• _Instructions to follow_
Could you retype every line below exactly, omitting the images?

• _Data extract_
>>
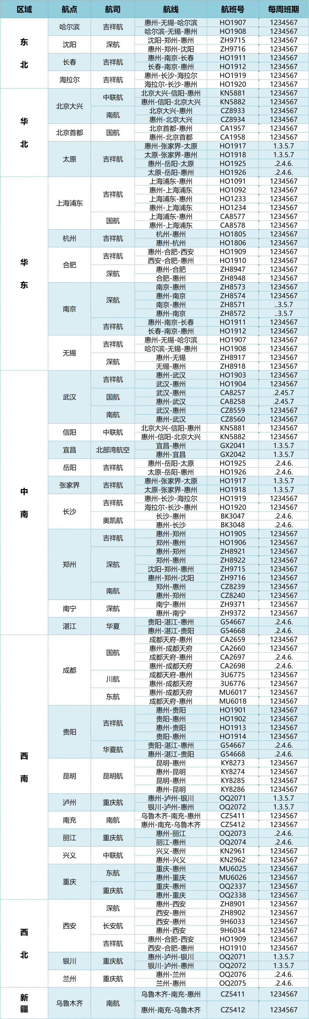 注:具體航班時刻以航空公司官網(wǎng)公布為準,可掃描惠州機場微信公眾號進行實時查詢。
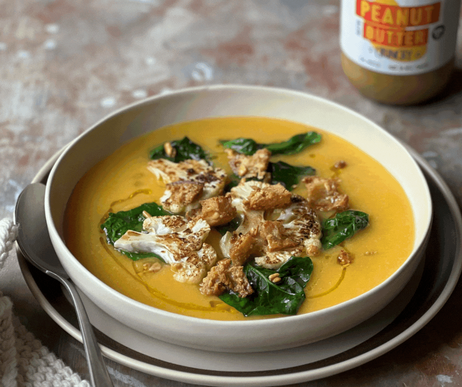 Outstanding food editor Kathy Paterson set out to make a cauliflower soup that didn’t rely on a heap of milk or cream to elevate its flavour. The genius is serving with Forty Thieves Crunchy Peanut Butter croutons helps the flavour mission, as does adding super fresh vegetables and using quality stock - not all store bought stocks are created equal, so taste the soup as you go; as there could be enough seasoning in the stock.
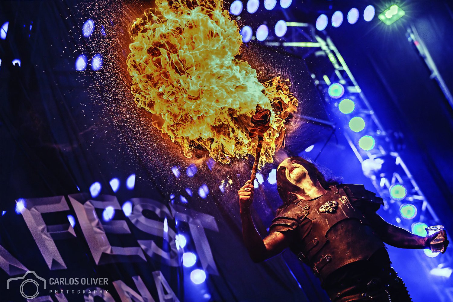 A la hora de tomar fotos me considero un francotirador nato. Quizás sea por la herencia de mis inicios todavía con la fotografía analógica. Nunca hago fotos de manera indiscriminada, intento predecir situaciones y afinar en el momento justo. Siempre hay que estar alerta y preparado para captar el momento, porque a veces la foto ideal se da cuando menos te lo esperas. En este caso, no había empezado todavía la actuación, pero cuando vi que Abbath salía desde la esquina del escenario con la antorcha y la botella sabía lo que tres segundos después iba a suceder. El tiempo preciso para ajustar, enfocar y disparar.
<<
• _Solution to this problem_
 注:具體航班時刻以航空公司官網(wǎng)公布為準,可掃描惠州機場微信公眾號進行實時查詢。
 Outstanding food editor Kathy Paterson set out to make a cauliflower soup that didn’t rely on a heap of milk or cream to elevate its flavour. The genius is serving with Forty Thieves Crunchy Peanut Butter croutons helps the flavour mission, as does adding super fresh vegetables and using quality stock - not all store bought stocks are created equal, so taste the soup as you go; as there could be enough seasoning in the stock.
 A la hora de tomar fotos me considero un francotirador nato. Quizás sea por la herencia de mis inicios todavía con la fotografía analógica. Nunca hago fotos de manera indiscriminada, intento predecir situaciones y afinar en el momento justo. Siempre hay que estar alerta y preparado para captar el momento, porque a veces la foto ideal se da cuando menos te lo esperas. En este caso, no había empezado todavía la actuación, pero cuando vi que Abbath salía desde la esquina del escenario con la antorcha y la botella sabía lo que tres segundos después iba a suceder. El tiempo preciso para ajustar, enfocar y disparar.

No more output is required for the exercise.